Le président turc Recep Tayyip Erdogan et le ministre des Affaires étrangères Mevlüt Cavusoglu accusent notamment la Suède d'héberger des groupes kurdes extrémistes ainsi que des partisans du prédicateur Fethullah Gülen qui vit aux Etats-Unis. Le président Erdogan rend le mouvement Gülen responsable de la tentative de putsch en Turquie en 2016.
La Turquie critique en outre le fait que les Etats de l'OTAN ont également limité la livraison de matériel militaire en raison de l'action turque contre ces groupes. Erdogan a menacé lundi de ne pas accepter l'adhésion de pays qui imposent des sanctions à la Turquie. En ce qui concerne la visite prévue d'une délégation finlandaise et suédoise en Turquie, il a déclaré qu'ils ne devaient même pas faire l'effort de ce déplacer.
Erdogan a une «mentalité de bazar».
Les Suédois et les Finlandais frappent-ils donc en vain à la porte de l'OTAN? Le ministre luxembourgeois des Affaires étrangères Jean Asselborn doute qu'Erdogan se préoccupe réellement des groupes extrémistes. Selon lui, le président turc a une «mentalité de bazar». Il a spéculé que l'attitude de refus d'Ankara pourrait être liée au fait que la Turquie espère obtenir des concessions en matière de livraison d'armements.
Laurent Goetschel, politologue à l'université de Bâle et directeur de la Fondation suisse pour la paix «Swisspeace», qualifie également les déclarations d'Erdogan de «coup de poker». «Il veut sans doute surtout obtenir quelque chose des Etats-Unis, après que ceux-ci ont retiré la Turquie du programme F-35», explique-t-il à Blick. Les Etats-Unis ne livrent pas ces jets à Ankara parce que la Turquie avait acheté un système de défense antimissile russe.
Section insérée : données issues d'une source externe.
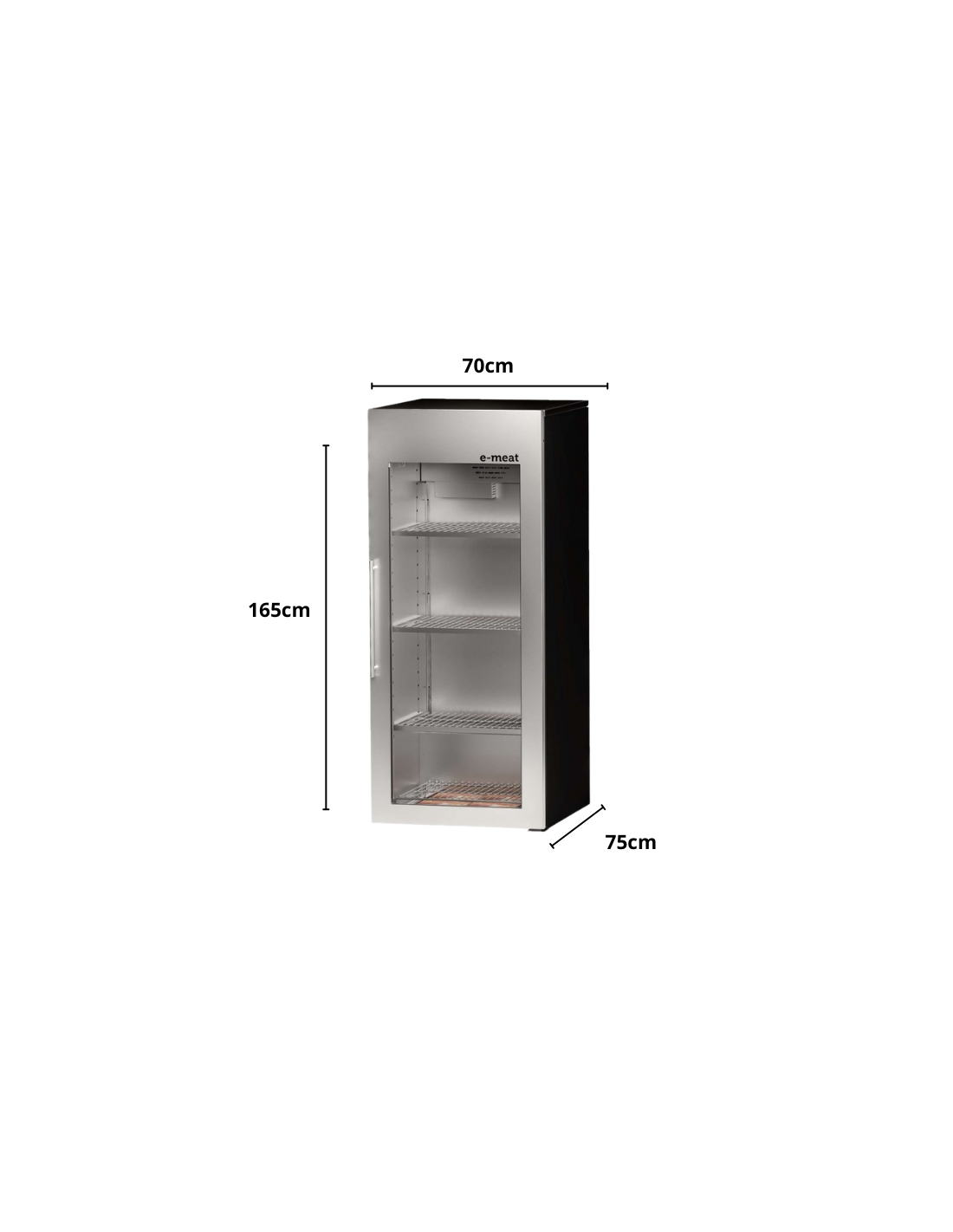 Este madurador de carne cuenta con una capacidad de 496 Litros. Está equipado con 4 estantes, con una carga máxima de 40 Kg por unidad. Entre sus características mas destacadas se encuentran el Filtro de carbón activo, los bloques de Sal del Himalaya, el termostato y humidostato regulables.

Mais il est également possible qu'Erdogan veuille s'attirer la sympathie de Vladimir Poutine par son action et renforcer son pouvoir au sein de l'OTAN, estime Laurent Goetschel. Mais il ne croit pas qu'Erdogan prenne vraiment au sérieux son droit de veto.
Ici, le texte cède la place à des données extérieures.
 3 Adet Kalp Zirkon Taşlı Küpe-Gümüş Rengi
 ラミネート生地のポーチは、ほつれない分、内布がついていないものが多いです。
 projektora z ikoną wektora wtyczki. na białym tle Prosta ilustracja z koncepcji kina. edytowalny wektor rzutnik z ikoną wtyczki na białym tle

Les ambassadeurs gardent la tête froide
Les ambassadeurs de Suède et de Finlande en Suisse se montrent eux aussi optimistes. Le Suédois Jan Knutsson l'assure: «La Suède et la Finlande ont toutes deux mené un bon dialogue avec la Turquie sur nos considérations en matière de politique de sécurité. Nous allons continuer ce dialogue afin de trouver une voie pour aller de l'avant».
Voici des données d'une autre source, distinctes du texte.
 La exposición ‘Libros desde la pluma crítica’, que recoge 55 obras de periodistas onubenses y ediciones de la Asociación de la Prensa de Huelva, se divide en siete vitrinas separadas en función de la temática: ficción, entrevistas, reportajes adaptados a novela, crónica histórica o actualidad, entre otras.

Pour l'ambassadeur finlandais Valtteri Hirvonen, il est tout à fait naturel de rencontrer quelques embûches sur le chemin. «Mais là, nous devons garder la tête froide et surmonter les obstacles avec nos futurs partenaires, explique-t-il. Nous avons reçu des signaux positifs de la Turquie il y a quelque temps. Bien sûr, nous devons maintenant voir en quoi consistent concrètement les préoccupations sécuritaires turques et comment nous pouvons les aborder».